接下來 m個數字表示每個人參觀這些城市的花費

接下來n行m列表示每個人參觀每個城市得到的滿意度

接下來n行n列表示每參觀一個城市互相之間的影響的額外滿意度，Bij (1<=i<=N, 1<=j<=N), 0<=Bij<=1000, Bij=0 if i=j, Bij=Bji.

你可以安排這n個人中的任意多個依次參觀這m個城市0~m-1，中途也可以讓一個人退出，退出後不能再回來，問你最大的值？

值 = 每個人參觀每個城市得到的滿意度的和 + 互相之間的影響增加的滿意度和 - 參觀花費和 。

解題思路：

這題的核心是DP

（1）因為n<=10 ，m<=10 ，資料比較小，可以考慮比較暴力的做法，DP就是一個很好的暴力。

（2）很容易就想到這樣的DP方程 DP[sum][k]=max{ DP[son][k+1] } + value[sum][k];

sum 就是用2進製表示的有哪些人，son就是sum的子狀態，表示sum中一些人半途離開了還剩下的人,

k表示當前是在訪問到哪個城市了,DP[sum][k]記錄的是在這個狀態下要求的最大值。

當有sum這些人訪問到k這個城市時候，這時候中途退了一些人，轉移到了son這些人，k+1城市 這個狀態 

轉移的花費就是 sum這些人在k這個城市獲得的總值，記為 value[sum][k]。

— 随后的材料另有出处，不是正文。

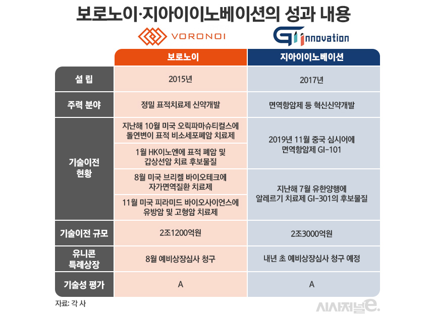 업계에선 유니콘 특례에 도전한 바이오벤처 중 보로노이와 지아이이노베이션을 가장 주목하고 있다. 기술수출은 물론 글로벌 기업들과 활발한 협력 행보를 보인다는 이유에서다. 특히 기술성은 물론 사업성 역량까지 가늠할 수 있는 기술이전 실적은 상장예비심사에서도 중점적으로 보는 분야이기도 하다.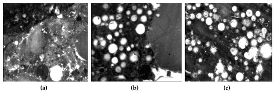 Air void distribution (white color) at the cross-section of concrete specimens after 28 days (w/b = 0.50): (a) 0% microspheres, (b) 5% microspheres, and (c) 10% microspheres.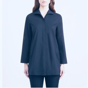 An exquisite stretch-cotton blend from Italy refines a tunic-length blouse in an effortless A-line silhouette with a vented high/low hem.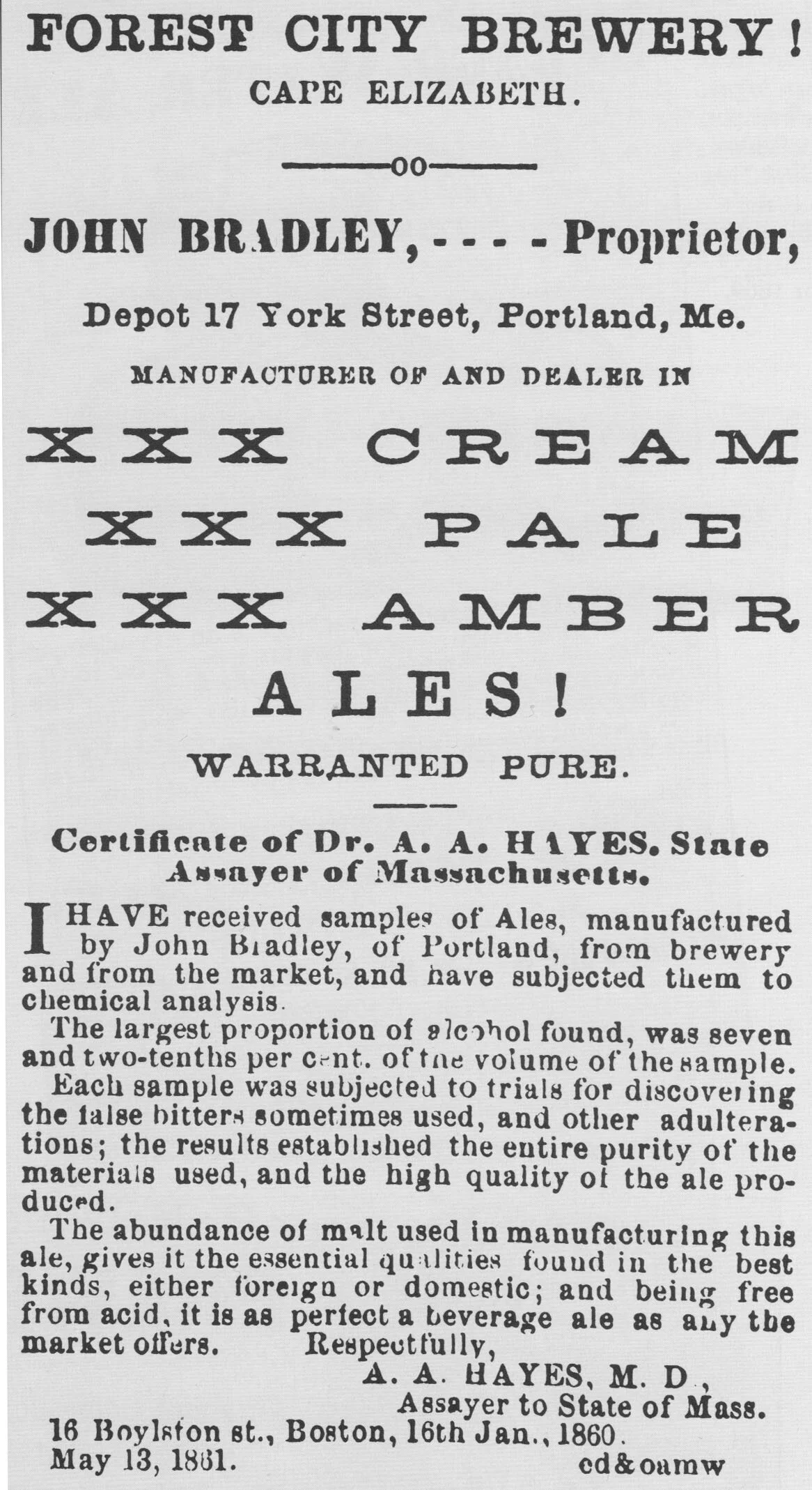 John Bradley’s first foray into commercial brewing was with the Forest City Brewery, which he opened with James and Patrick McGlinchy in South Portland in 1858. Around that time, he also opened a depot to sell Forest City’s cream, pale, and amber ales on 17 York Street (53 York by today’s numbering). After the Cape Elizabeth brewery closed in the early 1870s, Bradley continued to brew on York Street until ca. 1875.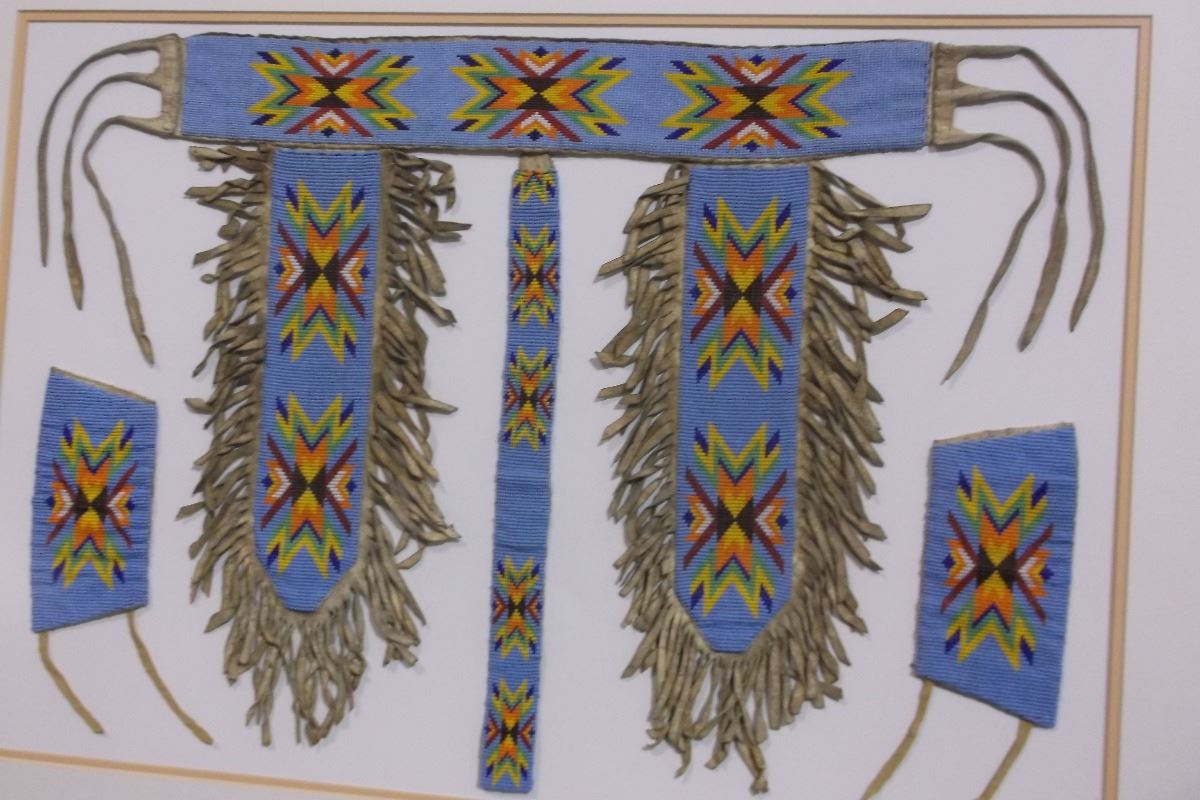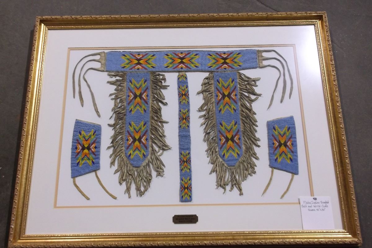 Plains Indian Beaded Belt and Wrist Cuffs- Frame 40" X 30"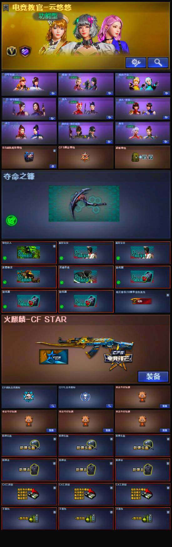 - PX_2004176-2级幽焰骑士-维塔 粉装-金曜白虎,粉装-草莓生巧,粉装-蓝莓炮弹,粉装-岚岚物语 角色-瑰梦爱神 枪械 : M416-五爪金龙,AUG-暖羊咩咩,Kar98K-巳巳如意 【稀有武器皮肤】:AKM-彩虹符号,AKM-恐龙拽拽,AKM-环太平洋,AKM-虎虎生威,M16A4-凝视深渊,M16A4-幻世战舞者,M16A4-甜心亚梦,SCAR-L-炫彩节奏,SCAR-L-玉兔迎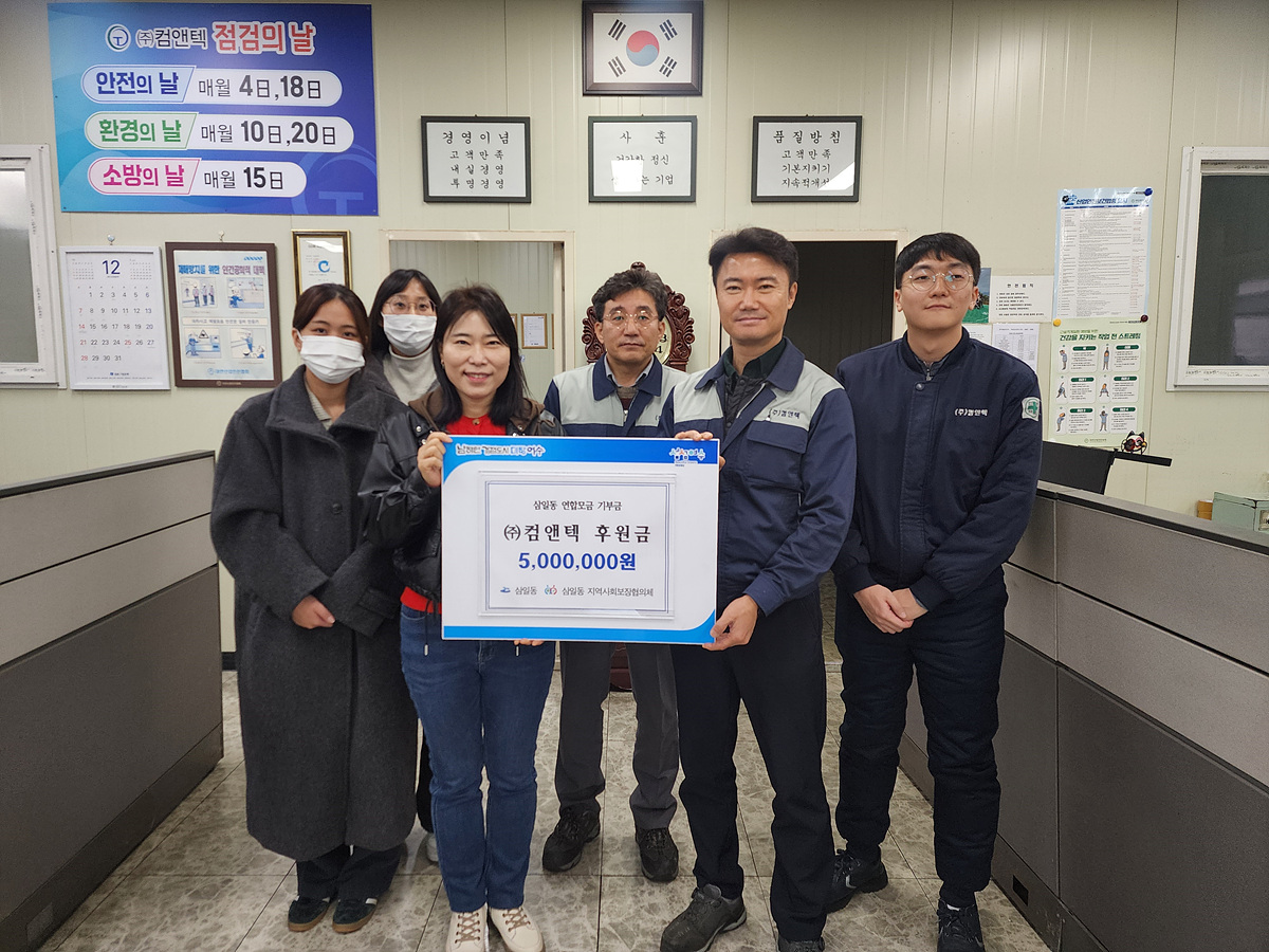 ㈜컴앤텍은 지난 22일 삼일동 지역사회보장협의체에 지역 취약계층 복지 향상을 위한 후원금 500만 원을 기탁했다.

（3）唯一有點麻煩的就是value[sum][k]的資料預處理，這個暴力列舉。

程式碼：

#include <iostream>
#include <cstdio>
#include <cmath>
#include <algorithm>
using namespace std;
 
const int N=11;
int n,m;
int cost[N],a[N][N],b[N][N];
int dp[(1<<N)][N],vis[(1<<N)][N],val[(1<<N)][N],marked;
 
void input(){
	marked++;
	//輸入
	for(int i=0;i<m;i++) 
		scanf("%d",&cost[i]);
	
	for(int i=0;i<n;i++){
		for(int j=0;j<m;j++){
			scanf("%d",&a[i][j]);
		}
	}
	for(int i=0;i<n;i++){
		for(int j=0;j<n;j++){
			scanf("%d",&b[i][j]);
		}
	}
	
	//sum這些人在k這個城市獲得的總值，記為 value[sum][k]，預處理
	for(int i=0;i<m;i++){
		for(int sum=0;sum<(1<<n);sum++){
			val[sum][i]=0;
			for(int p1=0;p1<n;p1++){
				//p1這個人到達了哪一個城市
				if( !((1<<p1)&sum) ) continue;
				for(int p2=0;p2<p1;p2++){
				//尋找共同狀態sum下的的人，增加相互之間的影響
					if( (1<<p2)&sum ){
						val[sum][i]+=b[p1][p2];
					}
				}
				val[sum][i]+=a[p1][i]-cost[i];
			}
		}
	}
}
 
int DP(int sum,int k){
	
	if(k>=m) return 0;
	if(vis[sum][k]==marked) return dp[sum][k];//記憶化搜尋
	int ans=0;
	for(int x=sum;x!=0;x=(x-1)&sum ){//對於每一個son，即任意缺人 ,注意二進位制運算
	/*1100100  1100000 1000100 1000000 100100 100000 100*/
		int tmp=DP(x,k+1)+val[sum][k];
		if(tmp>ans) ans=tmp;
	}
	vis[sum][k]=marked;
	return dp[sum][k]=ans;
}
 
void solve(){
	
	int ans=0;
	for(int i=0;i<(1<<n);i++){ //n個人的每一種狀態去0城市
		if(DP(i,0)>ans) ans=DP(i,0);
	}
	if(ans==0) printf("STAY HOME\n");
	else printf("%d\n",ans);
}
 
 
int main(){
	while(scanf("%d%d",&n,&m)!=EOF && (n||m) ){
		input();
		solve();
	}
	return 0;
}